The OECD has noted that the government’s objective to bring the deficit
to within 4% of GDP by 2013 is appropriate and would place the Norweigan authorities
in better stead when meeting its next predicament - financing an ageing population.
Efforts towards reigning in the deficit, the OECD has said, should begin with
the gradual withdrawal of fiscal support, provided under the 2009 and 2010 budget.
Despite an increase in the deficit as a result of the economic crisis, the OECD has advised the authorities that Norway's already high level of taxation should not be increased.
However, on fiscal support, the OECD observed that subsidies and tax reliefs provided to Norway's industries, while not particularly high at present, are on the rise, particularly for housing.
“Generous tax treatment of housing, for which there is no obvious economic
justification, is likely to distort investment decisions and may have contributed
to the house price boom. Reform of housing taxation should include measures to phase out the
asymmetries resulting from the deductibility of interest payments on owner-occupied
dwellings without taxing imputed rent, and from the remaining substantial discount
applied to housing for the wealth tax,” the report advocates.
Continuing, the report emphasizes the need to incentivize labour participation.
To this end, the OECD recommends that: “Marginal tax rates at high income
levels could be reduced, partly to reduce the incentive to misreport labour
income as more favourably treated capital income. Reducing progressivity could
also increase returns to education, and thus provide stronger incentives to
undertake higher education studies. Revenues losses from such measures could
be fully compensated by the increases in housing taxation.”

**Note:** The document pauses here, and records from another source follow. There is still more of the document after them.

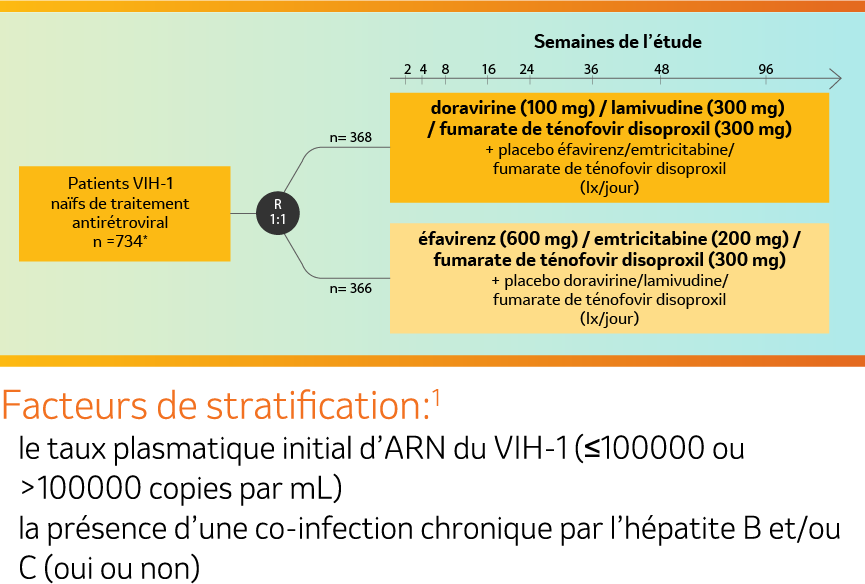 *Sur les 734 patients randomisés, 6 patients n’ont pas reçu de traitementet ont été exclus (4 patients dans le groupe DOR/3TC/TDF et 2 patients dans le groupe EFV/FTC/TDF).
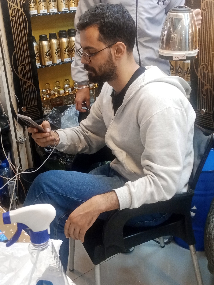 A male individual with short, dark, curly hair, a beard, and eyeglasses is seated in a black and silver chair, facing left and looking down at a smartphone held in his left hand. He wears a light gray zipped hoodie over a dark t-shirt and blue jeans. A white earbud wire extends from the smartphone. Partially visible behind him, a second male stands, wearing a light gray jacket. The background features shelving stocked with numerous gold-colored cylindrical bottles, some displaying Arabic script (e.g., "الفارس"), and smaller, ornate glass bottles, consistent with a fragrance or perfumery shop. A chrome electric kettle is visible on a shelf to the right. In the lower left foreground, a clear plastic spray bottle with a white nozzle and blue cap rests on a white surface. Various electrical cables are present on the left side of the frame. The scene takes place within an indoor commercial establishment in Unknown, Unknown.
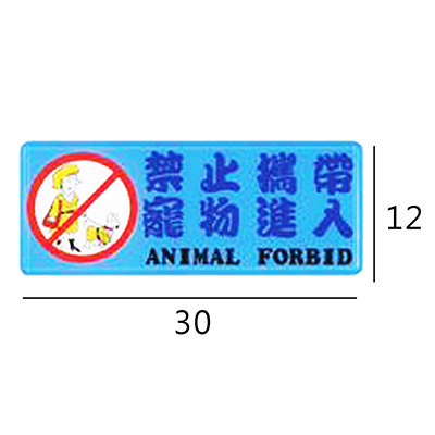 RA-153 禁止攜帶寵物進入 橫式 12x30cm 彩色壓克力標示牌/指標/標語 附背膠可貼

Further the OECD advocates that fiscal consolidation efforts should include
measures to reduce sick leave and disability spending:
“Reforming sick leave and disability benefits would be doubly beneficial
for public finances, by on the one hand allowing sizeable expenditure savings
and, on the other, increasing participation and hours worked, thereby boosting
tax revenue.”
“Current fiscal policy must also be seen in the context of longer-term
objectives, as overspending today widens the long-term fiscal gap," the report notes, concluding: "Filling this
gap, estimated by the Finance Ministry at an excess of spending over revenue
of 6% of GDP in 2060, will require the completion of the pension reform, both
to reduce expenditure and to encourage higher labour participation."